L’Étourdi, 1784/Première partie/17

, ou attribué au chevalier de Neufville-Montador.
(p. 89-91).

LETTRE XVII.

Pauvres maris !


JE partis effectivement pour **, & comme cette ville n’eſt pas à une grande diſtance de celle où nous étions ; j’y arrivai le même ſoir. Le haſard me ſervit aſſez bien pour me faire rencontrer ſon mari deux heures après ſon arrivée. Je lui offris à ſouper ; il accepta, & nous nous ſéparâmes pour nous réjoindre au moment de nous mettre à table.

J’eus ſoin qu’elle fut délicatement ſervie ; & de me pourvoir de deux Nymphes & de bon vin. Au deſſert, les domeſtiques diſparurent, la gaîté arriva, & les bouchons, en volant au plafond annoncerent l’eſſaim pétillant des plus charmantes plaiſanteries, le vin commençait à tranſmettre aux yeux ſa vivacité. Je lus dans ceux de mon convive que les deſirs l’aſſiégeaient, & qu’ils étaient repouſſés par le ſot ſcrupule de fidélité conjugale. Je fis ſigne à la belle que j’avais placé à ſon côté, à laquelle j’avais fait la leçon ; celle-ci redoubla ſes agaceries, verſa du champagne avec profuſion, & l’imbécille mari parvint au point où je l’attendais.

Nous paſſames dans le ſallon, & voyant qu’il avait conſervé la même ardeur, je pris une Bergere par la main, & le laiſſai avec l’autre ſur le ſofa dont il s’était déjà emparé, & ſur lequel il goûta le même plaiſir, que l’autre belle & moi goûtâmes ſur un lit de repos, qui était dans la piéce voiſine où nous avions paſſés, & qui n’en fut point un pour nous.

Nous reparûmes en éclattant de rire, & en leur faiſant des plaiſanteries qui ne finirent qu’à notre ſéparation.

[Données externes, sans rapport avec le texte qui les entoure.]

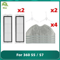 치후 360 S5 / S7 로봇 진공 청소기 예비 부품 세척 가능 Hepa 필터 메인 브러시 사이드 걸레 천 교체 액세서리 로봇청소기 스페어 파츠, 세트 A, 1개

Il me conjura de lui garder le ſilence, & des bras de la volupté il fut ſe jeter dans ceux du ſommeil.

Tandis qu’il voyage dans les états de Morphée, un courier que je dépêchai vola vers la femme du pauvre dupe, lui apprendre le ſuccés heureux de mon ſtratagême.

Le mari partit le lendemain & cueillit dans le jardin de l’himenée, les fruits que j’y avais ſémé. Leur maturité ne tarda pas à paraître. Il me parla de ſon malheur, & me témoigna tout le chagrin que lui cauſait l’incertitude, & la crainte de l’avoir fait partager à ſon épouſe. Hélas ! que je ſuis malheureux ! maudite partie de ſoupé, s’écriait-il ! Je le conſolai du mieux qu’il me fut poſſible, & je profitai de ſa confidence pour prévenir la belle malade, qu’il était temps de parler. Elle vole vers l’appartement de ſon mari, lui expoſe ſon état, lui en fait les plus durs reproches, le ménace de ne jamais lui pardonner, & de le punir en le ſévrant déſormais de ſes plus cheres faveurs.

Le pauvre homme déſolé tomba aux genoux de ſa chaſte moitié & s’efforce, par l’aveu de ſa faute, d’en obtenir le pardon. Il l’obtint & ces deux époux vécurent dans la plus parfaite union.

Dans ces entrefaites le régiment reçut ordre de ſe rendre à Toulon, où je fis encore une étourderie que je me reſerve de t’apprendre dans ma premiere lettre.